## Exercise goal
Return the data exactly, with all pictures removed.

## Dataset excerpt
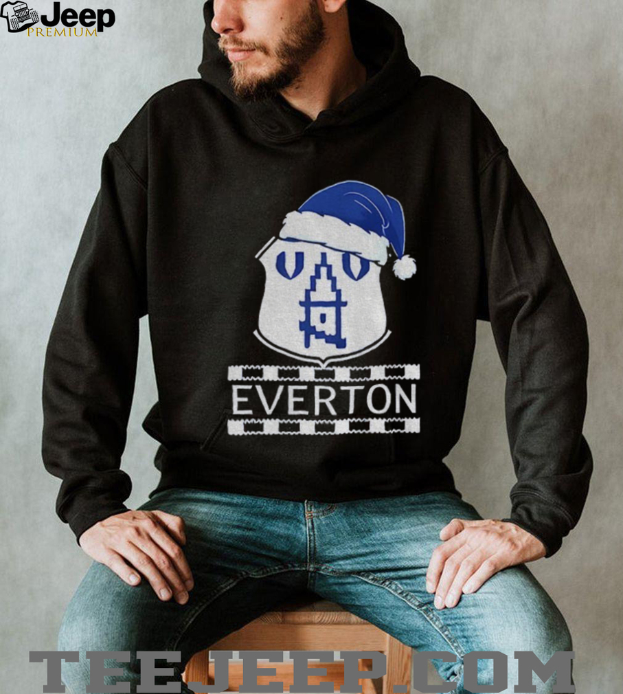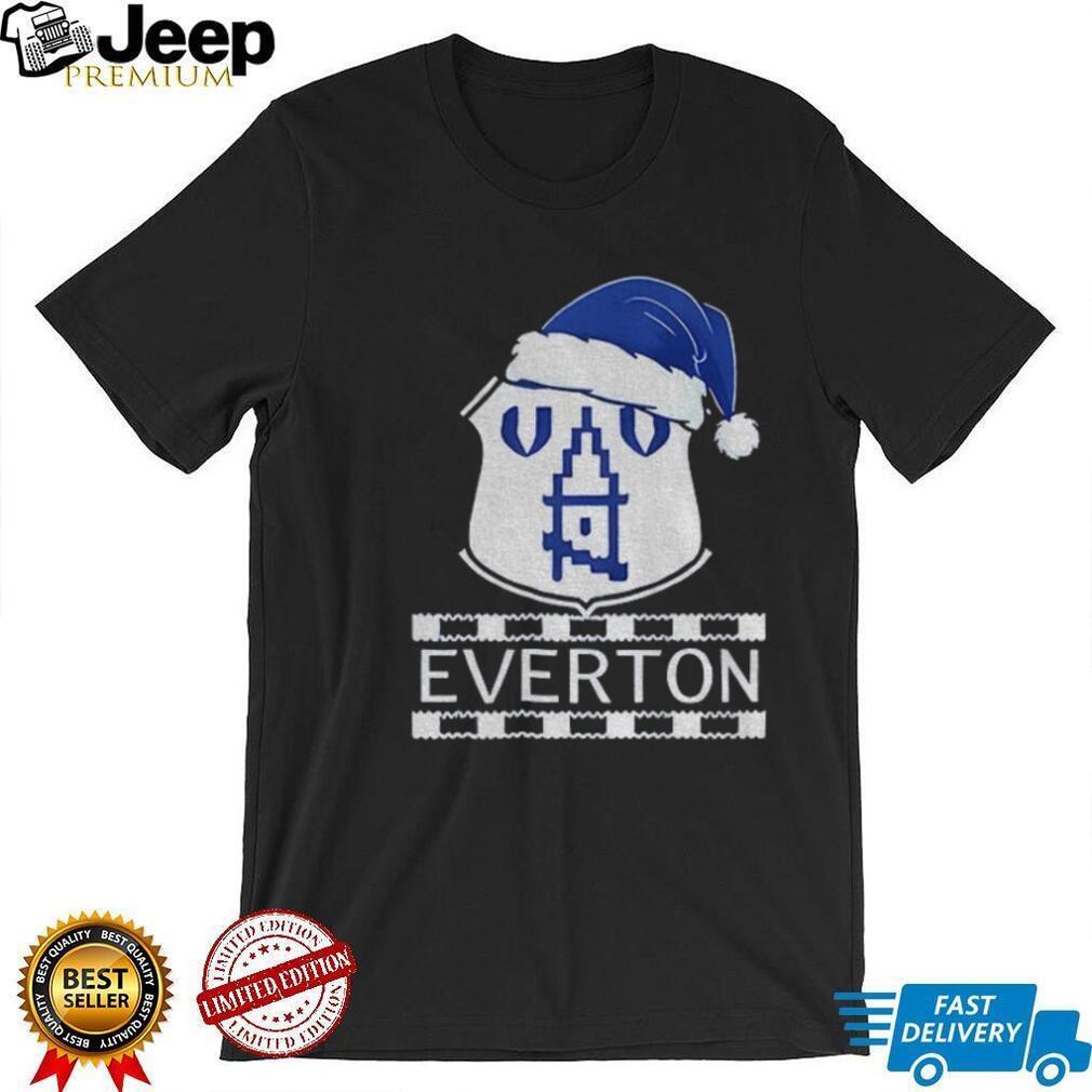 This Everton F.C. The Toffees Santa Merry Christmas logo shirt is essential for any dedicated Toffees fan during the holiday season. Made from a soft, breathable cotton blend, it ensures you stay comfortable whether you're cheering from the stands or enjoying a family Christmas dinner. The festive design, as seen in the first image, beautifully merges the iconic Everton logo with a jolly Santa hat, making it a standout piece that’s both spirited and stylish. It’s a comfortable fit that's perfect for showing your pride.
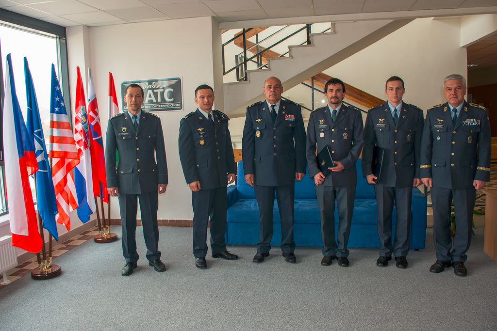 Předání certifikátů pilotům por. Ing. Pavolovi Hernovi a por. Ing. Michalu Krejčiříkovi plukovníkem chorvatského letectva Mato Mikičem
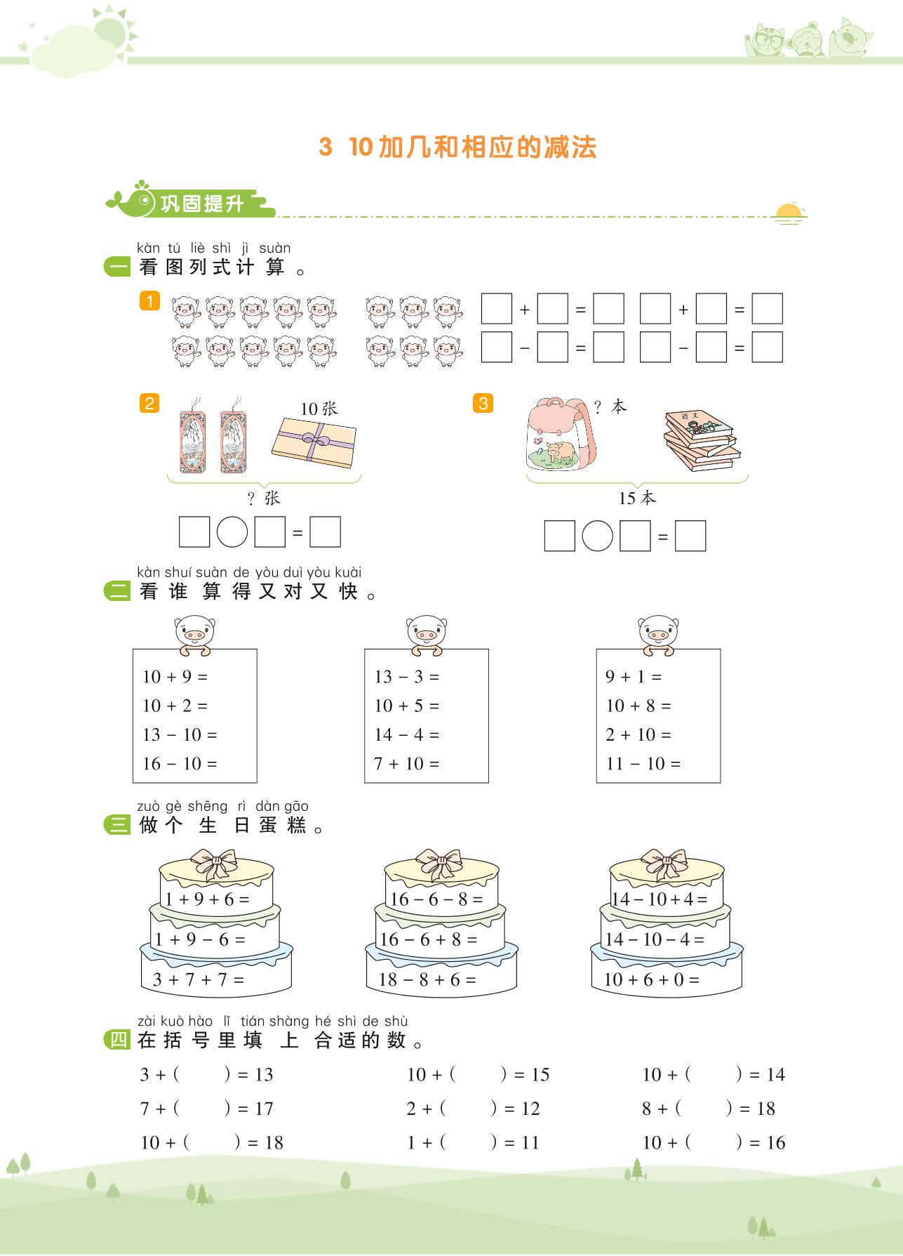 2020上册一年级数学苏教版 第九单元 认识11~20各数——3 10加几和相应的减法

## Solved problem
 This Everton F.C. The Toffees Santa Merry Christmas logo shirt is essential for any dedicated Toffees fan during the holiday season. Made from a soft, breathable cotton blend, it ensures you stay comfortable whether you're cheering from the stands or enjoying a family Christmas dinner. The festive design, as seen in the first image, beautifully merges the iconic Everton logo with a jolly Santa hat, making it a standout piece that’s both spirited and stylish. It’s a comfortable fit that's perfect for showing your pride.
 Předání certifikátů pilotům por. Ing. Pavolovi Hernovi a por. Ing. Michalu Krejčiříkovi plukovníkem chorvatského letectva Mato Mikičem
 2020上册一年级数学苏教版 第九单元 认识11~20各数——3 10加几和相应的减法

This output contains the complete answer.